I was reading this thread and was about to suggest rainbow fish when I saw you already had. 
There is so much variety in rainbow fish, so much color, and relatively easy to care for.
If you want to dip your feet into brackish there's many gobies that would also be wonderful, and I found brackish easier and less problematic than freshwater. You don't need all the fancy equipment that full saltwater tanks do and not as many illnesses as with fresh. I had a 40 long with a small school of bumblebees, some freshwater flounders, shrimp, and a dragon goby that I absolutely adored for years until I moved.


----------



## WinterSoldier. (Aug 30, 2019)

Personally I would go with an endler colony. Or perhaps some pearl gouramis.


----------



## peppersmom (Aug 26, 2019)

Thanks for all of the suggestions.

I have tons of ideas now it's just me deciding on what I actually want to do. (OI!! )

I had never heard of a rainbow fish before they were mentioned here but yesterday I stopped at Petco to pick up some bug bites and noticed they carry them. They are absolutely stunning! Rainbow fish are definitely a contender for the 75 gallon.

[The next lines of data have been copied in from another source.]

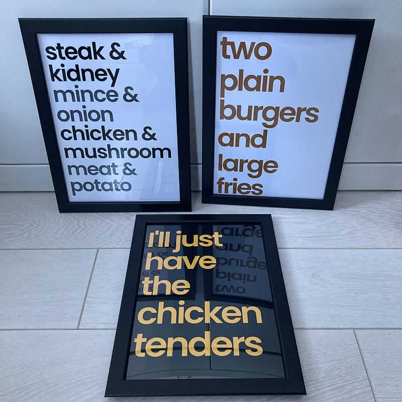 Our prints come in standard universal sizes, A5, A4 & A3, and there's a huge range of frames available online and in stores. Good places to get frame are IKEA, Dunelm, Amazon, The Range, John Lewis and more.
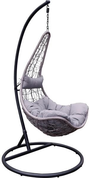 Ez a függőfotel kényelmes ülőalkalmatosság a szabadtéri pihenéshez. A hintázó mozdulatok nyugtató hatásúak, és relaxálásra invitálnak. Átmérője 105 cm, magassága 200 cm. Az ülés szélessége 89 cm, mélysége 80 cm. A fotel rattanból készült, robusztus és tartós acélvázzal rendelkezik. A fekete és az ekrü színkombinációnak köszönhetően bármilyen kültéri fel
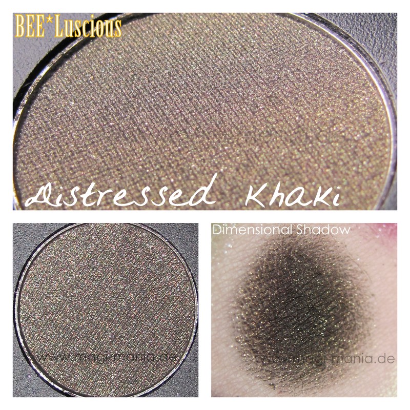 Wie auch bereits im vorangegangenem Look der „Moody Blue“ am Auge eigentlich nur „schwärzlich“ herauskam, so passiert es auch (insofern man nicht vielleicht viel tupft und ggf. ein Medium verwendet) mit „Distressed Khaki„. Einer von beiden hätte in der Palette genügt, um das Schattier-Schwarz abzudecken und stattdessen hätte ich ein Grau oder Braun sinnvoller gefunden.
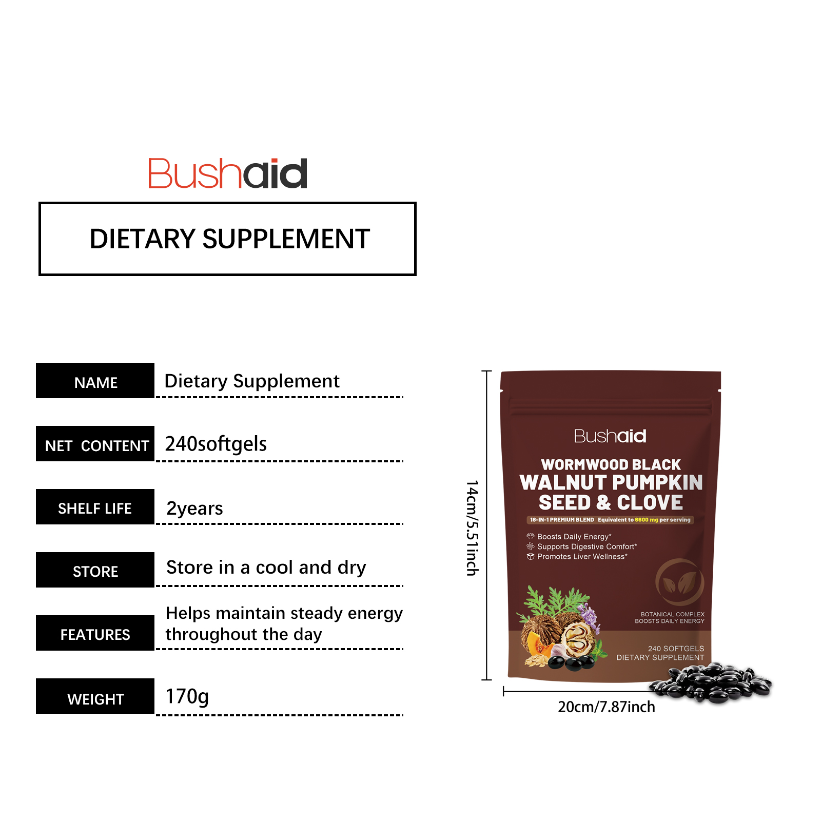 BushAid Absinthe Black Walnut Clove Softgels Helps Digestion

I also follow a few of the LPS's I visit on Facebook and saw one of my favorite stores received a beautiful shipment of "Black Velvet" angelfish. I am not sure if that is a true coloration for angelfish or simply a breeders name for the color but they are gorgeous and very tempting.

It will be awhile before I add fish so I have plenty of time to consider my stocking options.

Next weekend I am going to add water to the tank and start aquascaping.

I can't wait until everything is set up and done.


----------